Lettre ouverte aux associations de protection de l'enfance de Tony Quillardet, ancien jeune confié à l'aide sociale à l'enfance (ASE) et président de Parlons d'eux.
Chères associations, chers bénévoles,
Des centaines d’associations en protection de l’enfance, des milliers de projets innovants, et pourtant les murs sont là. Malgré les efforts considérables déployés par un vaste réseau d'acteurs et de bénévoles engagés dans la protection de l'enfance, les défis persistent et semblent parfois insurmontables.
Il est aujourd'hui temps d’abattre ces murs. Face à l'entre soi qui nous consume et à la discorde qui nous éloigne les uns des autres dans notre monde associatif, nous vous adressons ces mots avec un poids dans le cœur. Depuis trop longtemps, nous nous sommes perdus dans un dédale de rivalités et d'égos, oubliant parfois la raison même pour laquelle nous avons commencé ce noble chemin : tendre pleinement la main à ceux qui ont le plus besoin de notre aide, nos jeunes et nos familles.

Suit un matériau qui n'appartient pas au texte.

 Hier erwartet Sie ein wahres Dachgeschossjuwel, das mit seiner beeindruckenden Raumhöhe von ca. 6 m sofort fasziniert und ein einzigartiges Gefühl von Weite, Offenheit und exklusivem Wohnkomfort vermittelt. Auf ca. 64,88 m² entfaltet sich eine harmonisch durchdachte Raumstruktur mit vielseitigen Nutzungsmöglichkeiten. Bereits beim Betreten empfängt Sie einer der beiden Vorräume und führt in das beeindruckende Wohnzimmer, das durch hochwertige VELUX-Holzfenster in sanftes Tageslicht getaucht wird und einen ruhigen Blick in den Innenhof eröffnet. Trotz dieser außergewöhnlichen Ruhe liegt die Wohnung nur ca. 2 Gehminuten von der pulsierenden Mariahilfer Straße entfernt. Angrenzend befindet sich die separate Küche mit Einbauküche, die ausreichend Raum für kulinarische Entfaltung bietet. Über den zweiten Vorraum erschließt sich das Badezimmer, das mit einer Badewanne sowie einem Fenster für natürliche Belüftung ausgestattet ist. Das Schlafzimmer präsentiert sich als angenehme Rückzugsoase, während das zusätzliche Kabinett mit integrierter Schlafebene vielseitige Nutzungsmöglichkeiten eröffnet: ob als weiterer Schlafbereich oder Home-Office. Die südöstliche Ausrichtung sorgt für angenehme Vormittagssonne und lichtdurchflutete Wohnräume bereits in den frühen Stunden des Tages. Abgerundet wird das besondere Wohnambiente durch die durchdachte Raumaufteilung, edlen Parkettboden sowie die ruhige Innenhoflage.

Alors que nos initiatives sont reprises par d'autres, pourquoi les percevoir comme une menace ? Ne devrions-nous pas plutôt nous réjouir de l'accompagnement offert à davantage de jeunes ? Pourquoi chercher à se réapproprier le travail des autres sans penser à s'unir pour le développer ensemble ? Pourquoi investir notre énergie dans des querelles sémantiques et des débats stériles sur les termes utilisés ? Pourquoi sous-estimer le travail des autres alors que notre objectif commun demeure le même ? Pourquoi minimiser le témoignage d'autrui en prétendant avoir vécu des épreuves plus difficiles ? Pourquoi établir une hiérarchie dans l'engagement de chacun alors que chaque contribution est précieuse ?

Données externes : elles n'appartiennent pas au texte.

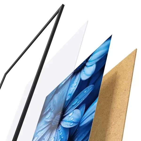 Plakát se skládá z rámu, plexiskla, tištěného obrazu a dřevotřískového podkladu. Díky úchytům na zadní straně lze plakát ihned zavěsit na zeď.
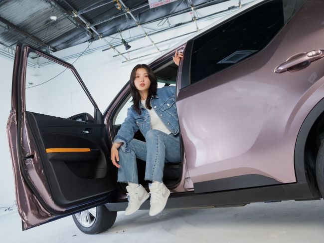 Mang đến hình ảnh năng động bên cạnh VinFast VF 5 màu hồng tím, Kim You Jung diện bộ đồ jean cùng giày thể thao, phù hợp với những chuyến đi chơi xa, hoạt động ngoài trời hay đơn giản là đi mua sắm cùng bạn bè. Hình ảnh này hẳn sẽ khiến những tín đồ du lịch mê mẩn chiếc VF 5 bắt mắt này.

N'oublions jamais que nos désaccords ne se limitent pas à des « guerres » entre nous. Ils ont des conséquences concrètes et sérieuses sur ce que nous essayons de bâtir. Ils nous font assurément perdre en efficacité dans l’accompagnement de ces jeunes et de ces familles, voire toute crédibilité aux yeux du public et des politiques. Concrètement, cela met complètement en péril notre capacité à réaliser notre mission commune, la même pour tous : prévenir, accompagner, protéger et réinsérer nos enfants et nos familles.
Par conséquent, l’annonce imminente de l'installation de la commission d'enquête sur les dysfonctionnements de l'aide sociale à l'enfance devrait être un signal d'alarme retentissant pour nous tous. Cette commission va prochainement braquer les projecteurs de la société sur les fissures de notre système, révélant les injustices et les souffrances que nous rencontrons chaque jour. C'est un appel pressant à nous réveiller, à ouvrir les yeux sur l'urgence de la situation qui nous entoure, mais également à saisir cette opportunité de lumière pour faire bloc et émerger ensemble dans les débats de notre société.
Dans ce contexte à la fois troublant et de mise en lumière, il est alors crucial que nous dépassions nos querelles internes et nos différends pour nous rassembler autour d'un seul but : défendre seulement les intérêts des plus vulnérables parmi nous. Car c'est seulement ensemble, dans l'unité, la solidarité et le désintéressement, que nous pourrons faire entendre notre voix avec force et détermination. Nous n'avons rien à récupérer personnellement, c'est certain. Notre propre parcours est déjà écrit, mais nous devons aspirer à un avenir meilleur pour les jeunes qui sont actuellement ou seront pris en charge par ces services. Plaçons notre espoir en eux et ne cherchons, nous le répétons, aucun intérêt personnel en cela. Dans ces luttes, la seule chose à gagner est le bien-être des jeunes et des familles.
Ne soyons pas d’accord : nous sommes profondément convaincus que nos désaccords ne sont que le reflet de notre passion et de notre engagement envers nos missions respectives. Mais le temps est venu de transcender ces différences pour nous concentrer sur ce qui est vraiment important.
Nous vous implorons donc, avec tout le respect que nous vous devons ainsi qu’à votre travail, de mettre de côté nos rancœurs et nos vanités. Dans cet instant décisif pour la protection de l'enfance, joignons toutes nos forces, qu’importe la taille de notre structure, dans un geste de réconciliation et d'action collective.
Ensemble, nous le répétons avec conviction, nous avons le pouvoir d’associer le grand public et de faire une différence tangible dans la vie de ceux que nous servons.
Sortez de l'impasse ! Priorité à la jeunesse : choisissez l'action, pas l'obstination.